普及運算（ubiquitous computing）被視為下一代的電腦運算技術，其願景是讓使用者可以在任何時間、任何地點、透過任何裝置來存取運算環境。近年來，許多研究成果使得普及運算技術有長足的進步。然而，在資源有限的普及網路（ubiquitous networks）中仍然有一些尚待解決或改善的議題。本論文將針對資源有限的普及網路環境來探討三個重要的研究議題，包含路由協定、網路安全、與服務自動化。
首先，我們處理在網路層上如何有效利用能源的議題。由於普及網路中有許多裝置（例如，感測節點與手持式裝置）是以電池供電，因此如何有效利用能源是一個相當重要的議題。在本論文中，所提出的能源比例式路由方法（Energy Proportional Routing，ERP）與封包長度調適方法（Packet Length Adaptation，PLA）可以有效地提升叢聚式無線網路的網路吞吐量與能源使用率。為了平衡負載，EPR 預測並控制所有節點的能源損耗以讓所有節點的能源使用率能夠趨於平均能源使用率。另外，PLA 可以根據雜訊所造成的封包錯誤率來設定最佳的封包長度以提升網路吞吐量與能源使用率。然而，隨著雜訊的增強就如同拉長傳輸距離一樣會造成更多的能源損耗。因此，為了能夠更準確的估算能源損耗，本論文也提出一個將通道雜訊轉換為傳送距離的模型使得在加入通道雜訊的情況下亦能夠有效地提升網路吞吐量與能源使用率。
第二個要探討的議題是普及網路的安全性。由於個人資料可能會透過普及網路來傳送，因此驗證資料的來源與完整性是一項必要的工作。然而，傳統的安全性方法並無法直接套用在以降低能源損耗為重要議題的網路環境上。因此，本論文提出了適用於叢聚式無線網路的認證式入侵預防機制（Authentication-based Intrusion Prevention，AIP）與協同式入侵偵測機制（Collaboration-based Intrusion Detection，CID）。AIP 依據資料重要性、網路頻寬、金鑰雜湊訊息認證碼長度、與金鑰存活期等特性而採用安全性等級不同的認證機制以達到降低能源損耗的目的。然而，AIP 並無法避免被入侵的內部節點所發動的攻擊。因此，CID 藉由網路節點互相監控的方式來進行入侵偵測以在網路安全與能源損耗之間取得平衡。

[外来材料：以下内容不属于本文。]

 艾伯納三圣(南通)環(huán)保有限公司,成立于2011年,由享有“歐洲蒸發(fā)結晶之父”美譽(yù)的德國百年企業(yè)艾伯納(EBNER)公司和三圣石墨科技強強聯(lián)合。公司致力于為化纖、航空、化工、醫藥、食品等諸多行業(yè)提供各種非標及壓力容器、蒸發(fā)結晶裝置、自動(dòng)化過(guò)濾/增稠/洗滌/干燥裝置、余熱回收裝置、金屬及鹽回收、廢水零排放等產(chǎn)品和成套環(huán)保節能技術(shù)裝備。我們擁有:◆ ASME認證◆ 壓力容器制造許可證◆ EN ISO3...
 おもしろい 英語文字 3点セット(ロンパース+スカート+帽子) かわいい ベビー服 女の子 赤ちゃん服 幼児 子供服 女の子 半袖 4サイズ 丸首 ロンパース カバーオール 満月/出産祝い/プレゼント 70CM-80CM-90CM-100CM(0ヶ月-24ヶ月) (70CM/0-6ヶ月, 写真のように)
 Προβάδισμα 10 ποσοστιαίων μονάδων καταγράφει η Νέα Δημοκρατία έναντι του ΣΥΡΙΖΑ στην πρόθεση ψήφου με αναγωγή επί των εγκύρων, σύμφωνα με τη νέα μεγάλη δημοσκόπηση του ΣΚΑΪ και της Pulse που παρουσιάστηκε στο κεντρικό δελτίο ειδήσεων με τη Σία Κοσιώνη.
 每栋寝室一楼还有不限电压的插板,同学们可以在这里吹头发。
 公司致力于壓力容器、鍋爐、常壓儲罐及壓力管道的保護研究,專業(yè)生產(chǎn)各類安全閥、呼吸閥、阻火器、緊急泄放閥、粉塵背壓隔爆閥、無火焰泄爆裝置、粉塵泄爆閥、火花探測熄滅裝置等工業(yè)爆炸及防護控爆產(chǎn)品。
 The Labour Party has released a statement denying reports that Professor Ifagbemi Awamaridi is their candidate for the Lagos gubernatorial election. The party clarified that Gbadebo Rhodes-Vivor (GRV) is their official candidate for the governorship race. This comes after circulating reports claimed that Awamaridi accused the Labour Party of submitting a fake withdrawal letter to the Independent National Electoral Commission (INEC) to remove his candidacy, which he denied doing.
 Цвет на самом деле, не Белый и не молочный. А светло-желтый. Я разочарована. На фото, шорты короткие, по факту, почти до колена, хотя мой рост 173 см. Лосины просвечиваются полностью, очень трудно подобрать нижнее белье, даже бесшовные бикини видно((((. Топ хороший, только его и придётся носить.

最後要探討的是考量服務品質要求與資源使用率的服務自動化議題。對使用者所要求的普及服務（ubiquitous services）而言，一組適合的裝置應該能夠自動地形成一個小型網路（piconet）以執行這些普及服務而不需要使用者的介入。為了達到此目的，首先我們分別提出了用來描述普及服務與普及網路的數學模型。另外，由於不同的服務型態與使用者對於服務品質的定義有很大的差異，因此多目的效益函數理論（Multiple Objective Utility Theory）被用來量化使用者對於服務品質的滿意度。本論文提出了兩個服務自動化演算法。對於移動式且大型普及網路而言，我們提出了基於解決有類別限制之子圖同構問題（Class Constrained Subgraph Isomorphism Problem）的分散式服務自動化演算法。另一方面，對於固定式且小型普及網路而言，我們則是提出了基於解決多維度多選擇背包問題（Multi-dimension Multi-choice Knapsack Problem）的集中式服務自動化演算法。透過實驗與模擬可以證明本論文所提出的兩個演算法可以在資源有限的普及網路中有效地配置網路資源並取得代表服務品質之系統效益值的近似最佳解。

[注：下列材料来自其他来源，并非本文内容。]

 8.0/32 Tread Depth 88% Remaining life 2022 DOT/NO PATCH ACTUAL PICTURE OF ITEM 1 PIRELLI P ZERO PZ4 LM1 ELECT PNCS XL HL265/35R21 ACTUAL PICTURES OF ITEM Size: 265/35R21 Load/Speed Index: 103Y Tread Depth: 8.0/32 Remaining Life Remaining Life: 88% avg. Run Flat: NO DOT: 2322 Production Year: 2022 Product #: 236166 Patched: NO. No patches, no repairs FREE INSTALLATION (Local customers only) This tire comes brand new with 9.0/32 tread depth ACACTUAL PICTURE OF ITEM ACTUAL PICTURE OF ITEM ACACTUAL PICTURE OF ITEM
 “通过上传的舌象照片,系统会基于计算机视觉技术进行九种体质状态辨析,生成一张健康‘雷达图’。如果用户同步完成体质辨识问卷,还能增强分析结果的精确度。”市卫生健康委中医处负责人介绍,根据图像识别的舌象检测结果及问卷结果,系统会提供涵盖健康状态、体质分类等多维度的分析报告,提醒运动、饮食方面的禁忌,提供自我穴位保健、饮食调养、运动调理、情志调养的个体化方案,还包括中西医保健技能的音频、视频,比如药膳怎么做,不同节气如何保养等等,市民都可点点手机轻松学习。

Ubiquitous computing (UbiCom) is the next-generation computing technology with the vision: user could access computing environments in an “any time, any where, any device” manner. In the latest decades, the researches on UbiCom have significantly improved to realize digital life. However, there are still several open issues in resource-constrained ubiquitous networks (UbiNet). In this dissertation, we will study three important issues in resource-constrained UbiNet, including routing protocol, network security, and service automation.

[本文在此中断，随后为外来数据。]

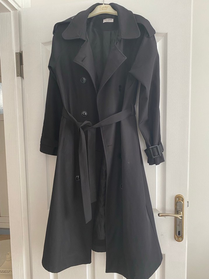 Siyah uzun trençkot, yakalı ve kemerli tasarımıyla sentetik kumaştan üretilmiştir. Uzun kollu ve regular fit kesimlidir, şık goth tarzı için uygundur. Bir cebi sökük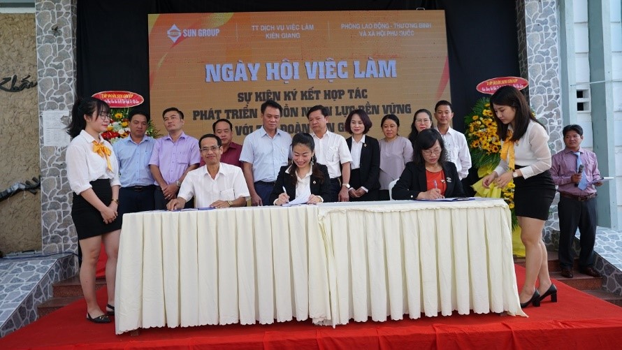 Đại diện Sun Group, bà Trần Thị Hoa Xim – Phó Chủ tịch, Tổng Giám đốc Sun Group Vùng Miền Nam cho biết, kể từ khi có mặt tại Phú Quốc vào năm 2013, đến nay Sun Group có hơn 2000 lao động trực tiếp, và hàng chục ngàn lao động làm việc tại các công ty xây dựng, đang xây dựng những công trình của Sun Group tại đảo ngọc Phú Quốc. Trong 1-3 năm tới, Sun Group sẽ tiếp tục phát triển những công trình lớn tại Phú Quốc, với nhu cầu tuyển dụng thêm hàng nghìn lao động.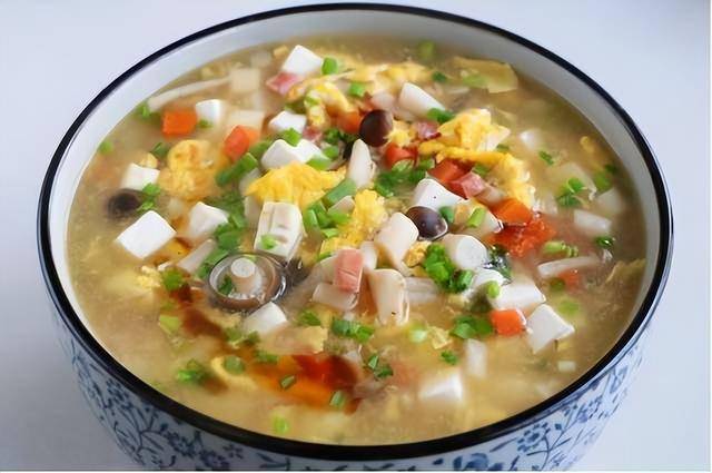 6、接着加入鸡蛋碎、胡萝卜、香肠丁煮2分钟;然后倒入半碗水淀粉,最后撒葱花、加盐煮开即可;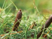 子座呈线状,不分枝或分枝,长10~30cm,直径0.1cm~0.2cm;头部稍膨大,表面灰褐色。柄部极长,多弯曲,有细纵皱纹,棕褐色,质柔韧。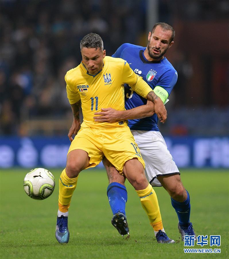 ↑10月10日,意大利队球员基耶利尼(右)在比赛中与乌克兰队球员马洛拼抢。 当日,在意大利热那亚举行的一场足球友谊赛中,意大利队以1比1战平乌克兰队。 新华社发(阿尔贝托·林格里亚摄)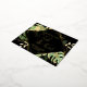 This tropical modern and elegant gold foil elopement postcard is an easy way of letting everyone know you eloped. "We Tied the Knot" along with the couple's name and elopement location and date are featured on the front in the foil colour of your choice. The text is highlighted by a foiled frame. Tropical leaves and ferns on a black background peak out from behind the frame. Gold foil splatters add a bit of sophisticated whimsy to the design. The back of the postcard has the wedding reception celebration details in black.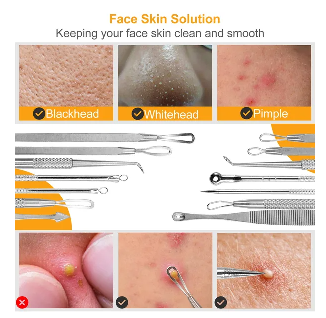 *Precaution*:We recommend using the tools on pimples that is completely matured and please remember to disinfect it before and after use with alcohol in order to prevent growing bacterium.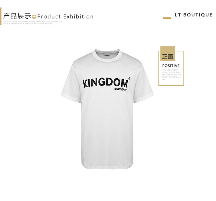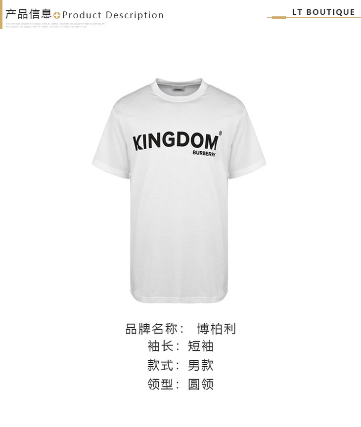 BURBERRY 巴宝莉 男士字母徽标印花棉质宽松圆领短袖T恤 白色 8010438 A1464

First, this work tackles the energy-efficiency issue at the network layer. Energy conservation is truly critical in UbiCom since there are a lot of battery-powered devices (e.g., sensor node, handheld device) in UbiNet. In this dissertation, Energy Proportional Routing (EPR) and Packet Length Adaptation (PLA) are proposed to maximize the throughput and energy utilization in cluster-based wireless networks. To balance the load, EPR algorithm predicts and controls the energy consumption of each node as close as possible to the threshold representing the energy utilization mean value among clusters. In addition, PLA is derived and developed to optimize the throughput and energy utilization in wireless networks. However, more noise introduces more energy consumption since the noise is equivalently regarded as lengthening of transmission distances. Thus, a noise-referred distance model of wireless channels is also developed for more accurate estimation of the dissipated proportion in the residual energy so that further improvement of throughput and energy utilization is obtained.
The second research issue is the network security. Since the personal information could be forwarded in UbiNet, verifying authenticity and integrity of delivered data is indispensable. Unfortunately, energy-efficiency is not considered in conventional security measures. In this dissertation, two energy-efficient security approaches are proposed. In Authentication-based Intrusion Prevention approach (AIP), distinct authentication mechanisms with different security levels are introduced to verify the data according to their relative importance so that the energy consumption is efficient reduced. However, the security threat from compromised sensor nodes cannot be fully avoided. Thus, Collaboration-based Intrusion Detection approach (CID) is then proposed. In CID, the nodes collaboratively monitor each other to balance the tradeoff between network security and energy efficiency.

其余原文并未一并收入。